Analysis — db-21 Advanced Storage Engine
1. Problem Statement
Two engineering questions, studied in isolation:
- Range deletes. How does an LSM delete a key range
[a, b)cheaply, without writing one Delete per key, and without losing correctness if a newer Put falls inside the same range? - Compaction policy. How do size-tiered and Universal compaction actually differ — not as marketing words, but as deterministic functions over the current SST sequence?
The lab refuses to answer these with prose alone. It demands an executable specification that three language ports must agree on byte-for-byte.
2. Why Three Languages
Cross-language byte agreement is the cheapest sanity check that survives
refactoring. If Rust drifts from Go on fixture A, the failure tells you
exactly which side broke: the diff between the two dump_state() blobs is
a structured binary, decodable by eye.
It also forces the design through three different idiom sets:
- Rust keeps
Option<Vec<u8>>forGet,enum Entry { Put, Delete }for the entry kind, and usesVec<u8>everywhere for keys/values. Slices for bounds; no copies inmerge_run's hot path. - Go uses
[]byteplusbytes.Compare. Amap[string]struct{}stands in for the dedupe set.math.Float64bitsfor the ratio encoding. - C++ uses
std::stringas a byte container (avoids thechar_traitstrap),std::optional<std::string>forGet, and an inline 64-line SHA-256 inlsmctl.ccto keep the dependency surface at zero.
If you can read the same algorithm in all three and they line up at the byte level, the algorithm is unambiguous. That's the deliverable.
3. Range Tombstones — The Subtlety
The single non-obvious rule is:
A range tombstone hides keys older than it, but is itself hidden by Puts newer than it.
Both halves matter. Test range_tomb_respects_newer_put exists because a
naive implementation that consults all tombstones before walking entries
will silently drop the fresh value.
The implementation enforces this by walking SSTs newest → oldest and accumulating active tombstones as the walk descends. A Put in a newer SST is checked against the (then still empty) active set, so it survives. A Put in an older SST is checked against the (by then populated) active set, so it is hidden.
This also explains why a bloom miss must continue instead of return None:
the SST we just skipped might have zero matching keys, but it could still
contribute a range tombstone that shadows something below it. The active
set must be allowed to grow.
4. Size-Tiered vs Universal — The Real Difference
Both are "merge several SSTs into one". The difference is which several.
-
Size-tiered asks: "is there a prefix
[0..L)of new, small SSTs that together fit withinratio · size(ssts[L])?" It picks the longest qualifying prefix, merges them, and inserts the result at the newest position. This is greedy from the top of the tree. -
Universal asks the same shape of question, but over a contiguous run anywhere in the list, with a minimum run length of 3. It picks the longest run; ties go to the leftmost.

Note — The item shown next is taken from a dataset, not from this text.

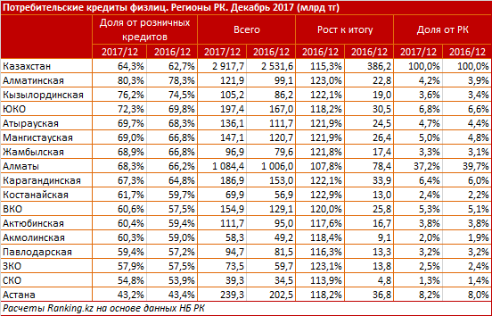 Единственный регион с долей потребкредитов от всех займов физлиц ниже 50 процентов это Астана - 43,2 процента.

The merged run replaces itself in place.
The minimum lengths (≥ 2 prefix for tiered, ≥ 3 run for universal) are deliberate, both to keep work amortised and to make the two policies distinguishable on small inputs. Without them, both would degenerate to "merge whenever you can" and the fixtures wouldn't separate them.
5. Why the Wire Format Looks Like That
Five choices, each with a reason:
- Magic
"DSEADV21"— eight bytes, no length prefix. Mismatches surface as the first 16 hex chars of the sha256 changing, which is easy to spot. f64ratio — encoded via the IEEE 754 bit pattern, not as a string. This is why all three languages route throughf64::to_bits,math.Float64bits, andmemcpy(&u64, &double, 8). Strings would force a formatter choice ("0.5"vs"0.5000000000000000").- Length-prefixed keys/values —
u32 LElengths, raw bytes. No terminator, no escaping. Decoding is a one-pass scan. - Entries newest-SST-first — matches the in-memory layout; reversing it in the dump would obscure the actual data structure.
- Bloom as raw
u64 LE— not a list of positions. The bitmap is the bloom; nothing else needs to be portable.
6. Trade-offs Not Taken
- We did not implement snapshot reads. Every Get is "as of right now".
- We did not deduplicate range tombstones across SSTs at merge time. A range that fully contains an older range still leaves both in the merged output. Real engines coalesce; we don't, because the canonical-bytes test would then depend on a chosen normalisation policy.
- We did not gate compaction on actual work performed; size-tiered may pick a length-2 prefix even when the merge produces zero entries (after tombstones erase everything). That's a feature for the study lab — it exercises the merge code; in production you'd skip empty merges.